Why it matters: The new administration seeks to bring long-term interest rates lower, Treasury Secretary Scott Bessent said Wednesday — and Fed rate cuts aren't necessarily the way to achieve that.
- The Fed controls short-term interest rates, but longer-term rates — which determine the federal government's borrowing costs, as well as home mortgages and many corporate borrowing rates — are set in the open market and reflect investors' expectations of how the economy will evolve.
- Bessent's case — which is consistent with Trump's recent rhetoric — is that what the economy needs is not further rate cuts from the Fed, but deregulatory and fiscal policies that improve the economy's supply-side potential.
What they're saying: Appearing Wednesday on Fox Business, Bessent said that the president wants lower rates but that "he and I are focused on the 10-year Treasury and what is the yield of that?" The Fed, he told Larry Kudlow, "did a jumbo rate cut and the 10-year rate went up."
- The president "is not calling for the Fed to lower rates," Bessent added. "He believes ... if we deregulate the economy, if we get this tax bill done, if we get energy down, then rates will take care of themselves and the dollar will take care of itself."

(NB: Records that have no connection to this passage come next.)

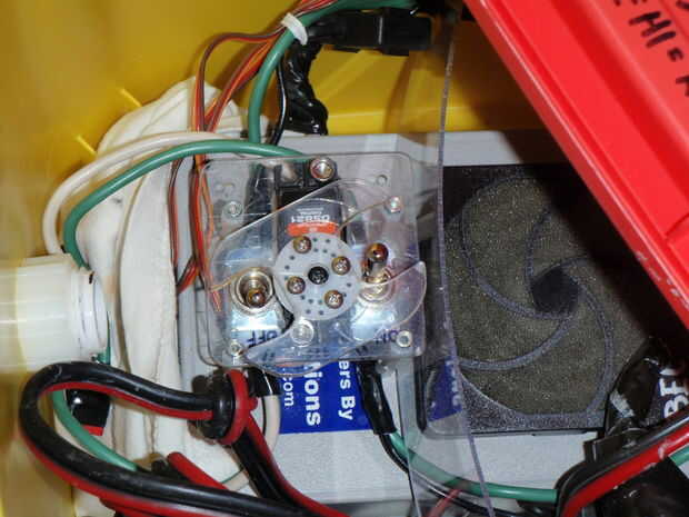El canal del timón del receptor está reservado para accionar interruptores de alta tensión que serán físicamente desconecte los motores de coche el conductor del Motor. Esta característica a prueba de fallos sólo se utilizaría en el caso de una probable falla catastrófica del conductor del Motor (que tienden a fallar a Full On). La segunda foto de abajo muestra esta característica del Motor. Los interruptores se montan en direcciones opuestas para que el accionamiento del servo situado entre ellos hace que ambos interruptores para mover a la posición OFF (u ON) al mismo tiempo.
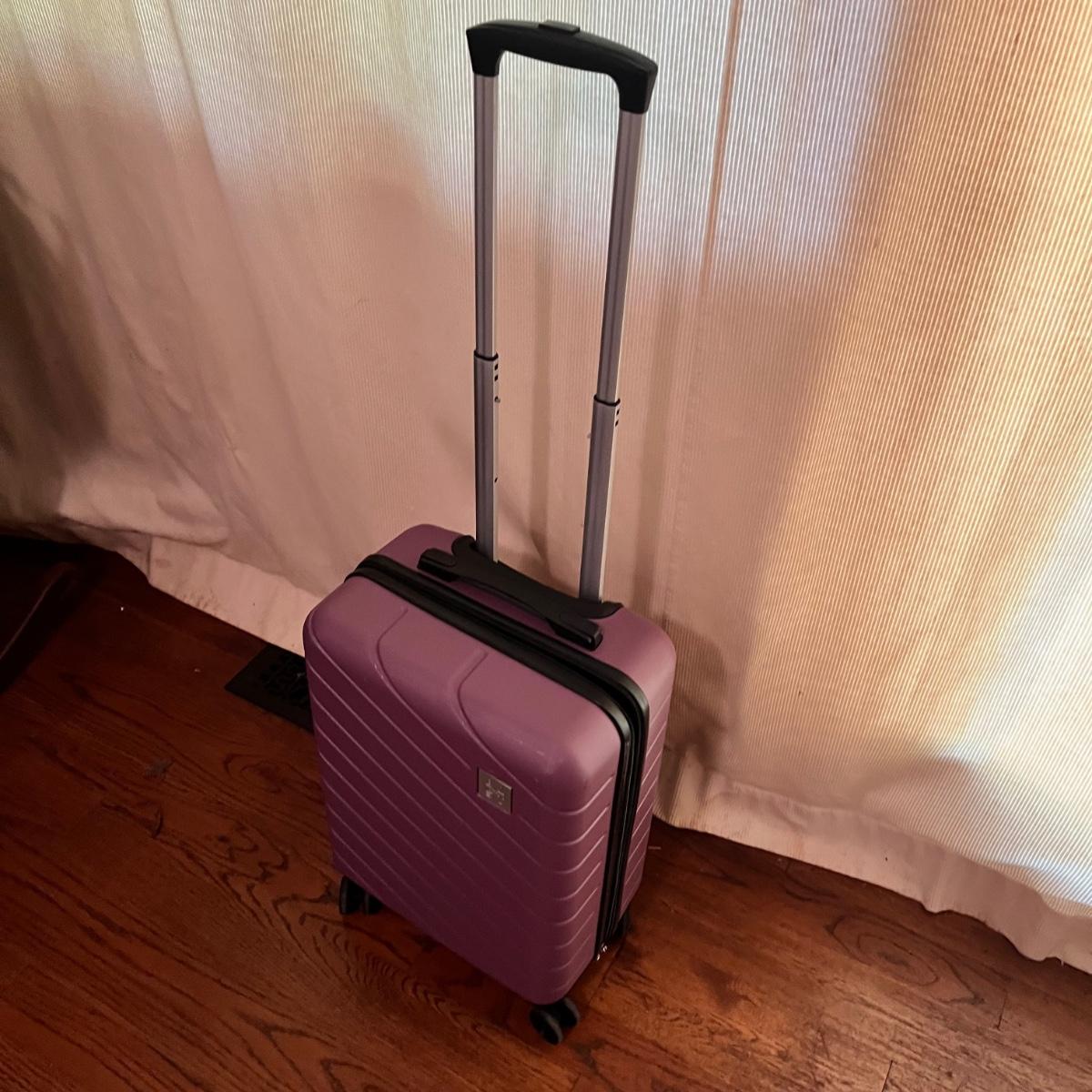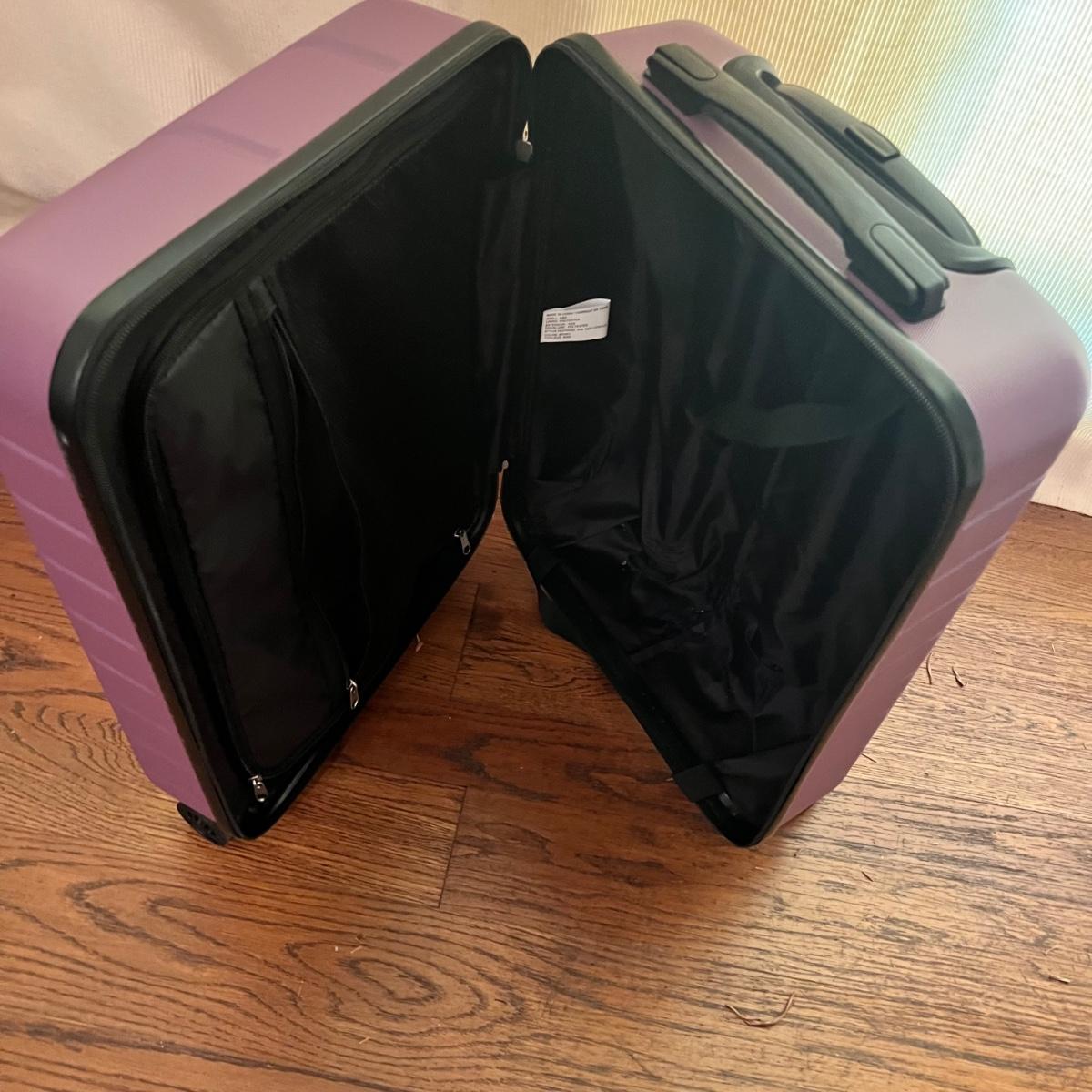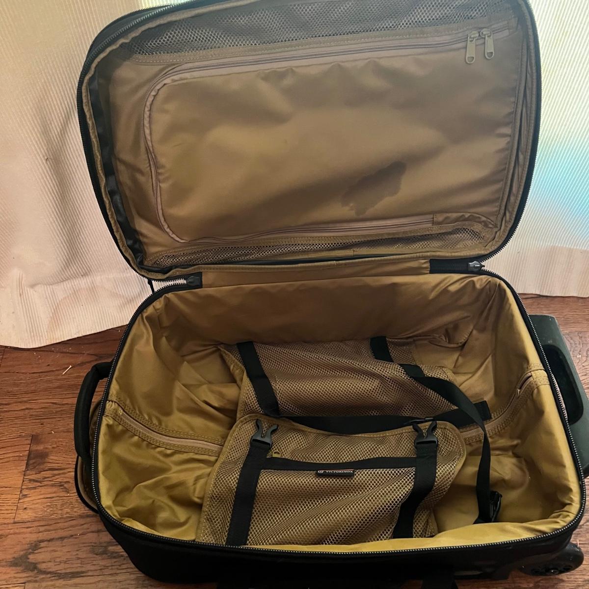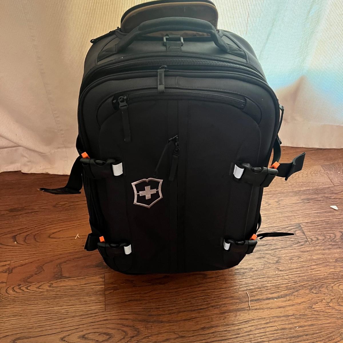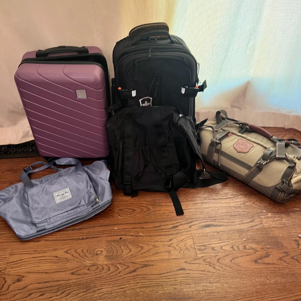 A black Victorinox roll a board suit case measures 15” x 9” x 22”H. The bag has an expandable zipper option (to make the bag wider) and an internal mesh garment holder. A green Eddie Bauer over the shoulder bag (no wheels) measures approximately 24” x 15” x 11”H. While this bag is not in a package, it appears to have never been used. A hard-sided purple Bond Street measures approximately 14” x 9” x 21”H. There are two similarly sized smaller carry bags (blue and black) that both measure appropriately 15” x 5” x 14”H.
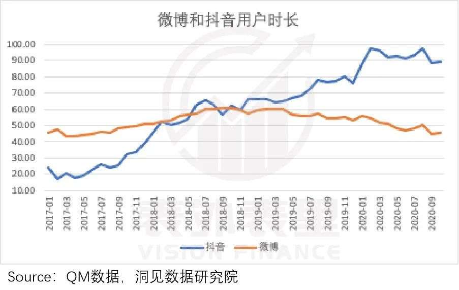 如下图所示,2018年之后,和抖音短视频app用户使用时长的持续上升相反,微博的用户时长出现高点回落降低趋势。

- "Now, I've seen, this year, despite the growth estimates going up, 10-year [yields] coming down because I believe the bond market is recognizing that ... energy prices will be lower and we can have non-inflationary growth."

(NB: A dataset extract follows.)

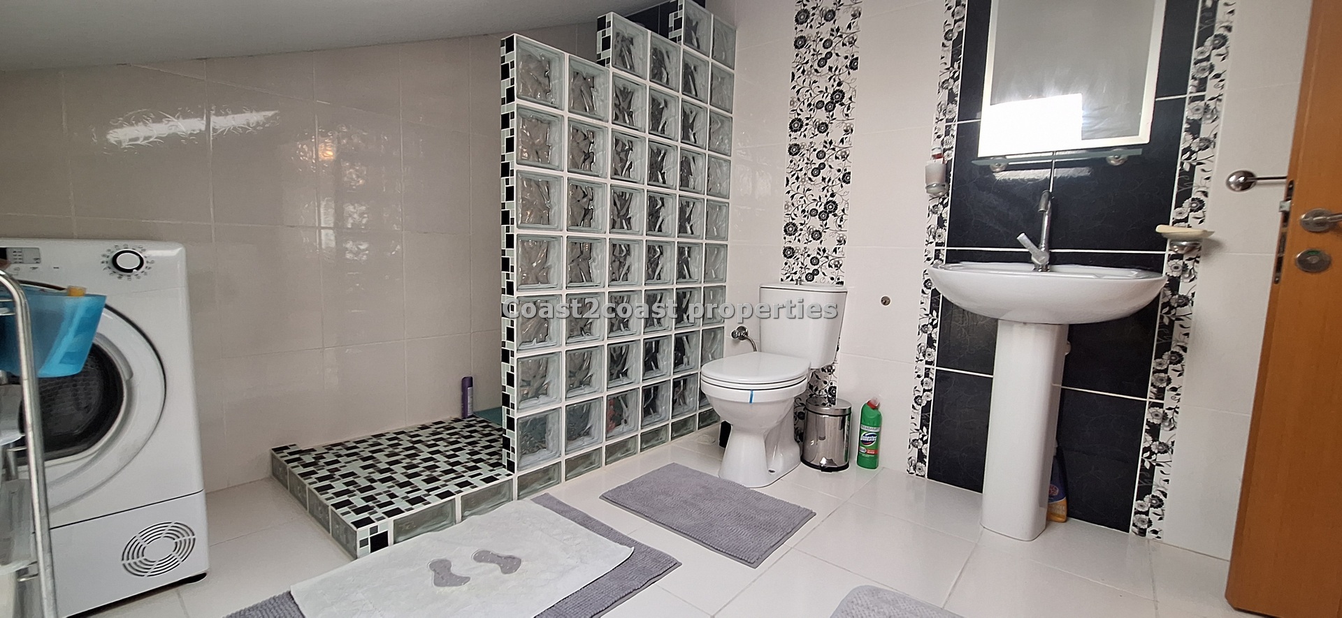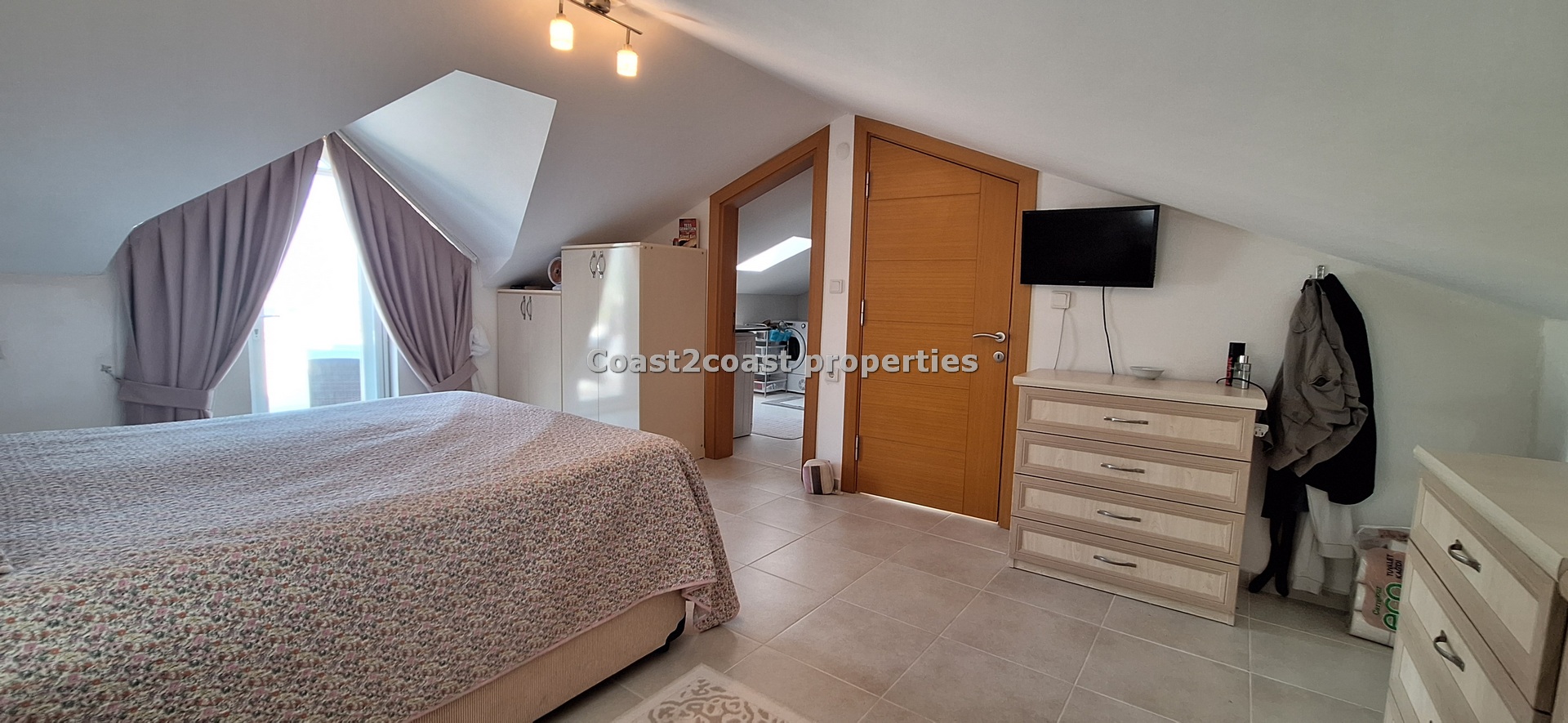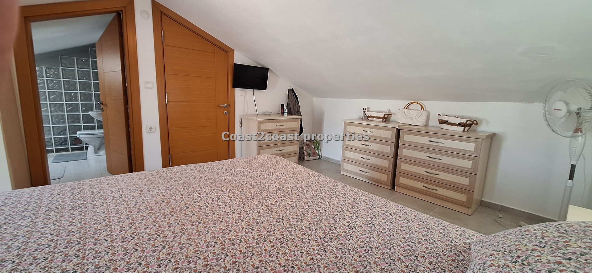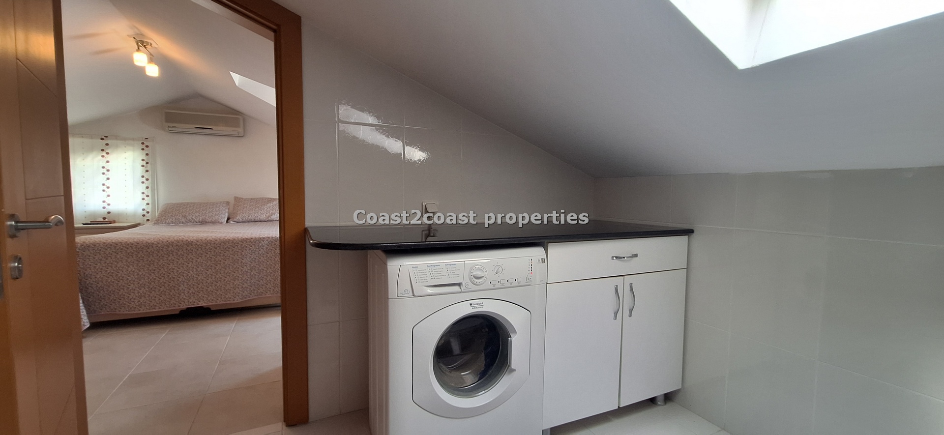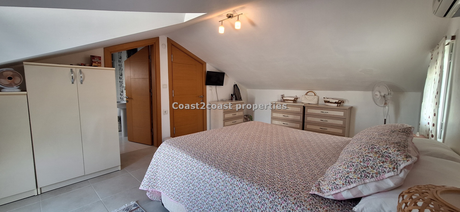 The marble staircase takes you to a large bedroom which is en suite. This again is larger than most rooms. It has lot’s of furniture , again inclusive of the sale of this property in Fethiye. This is a beautiful master bedroom. The en suite design is just wonderful with lot’s of care and attention given to the finishing. There is a working space so this can be used as a laundry room also with appliances. A Special glass brick wall is our shower area. Beautifully done. Light is in the form of a roof window which brightens this area up perfectly. Again we have a WC, sink and mirror areas.

- "You know, we cut the spending ... we get more efficiency in government, and we're going to go into a good interest rate cycle."
The intrigue: When the Fed elected not to cut its short-term interest rate target last week, Trump did not attack the central bank for that non-action. Instead, he slammed the Fed for allowing inflation to take off in the first place.
Between the lines: Trump has no compunction about bashing the Fed when it is running monetary policy tighter than he would like, as in 2018. But that is not the current stance of his administration.
- Bessent's observation that longer-term rates have risen since the Fed began its rate-cutting cycle in September is accurate.
- One possible factor is that bond investors believe the Fed eased policy more than was justified by economic conditions, which would imply higher rates and inflation in the years to come.
- It's the inverse of a pattern seen in late 2015 and late 2018, when the Fed raised its policy interest rate but longer-term rates fell, as traders bet that they had made a policy error that risked recession.
Of note: Bessent and other Trump allies previously sharply criticized the Biden administration for shifting the Treasury's debt issuance toward shorter-term securities, which they viewed as a politically motivated shadow monetary stimulus.
- But in the first bond issuance announcement of Trump's term on Wednesday, the Treasury Department stuck with its Biden-era balance of short-term and long-term debt.
- That contributed to a drop in longer-term yields Wednesday.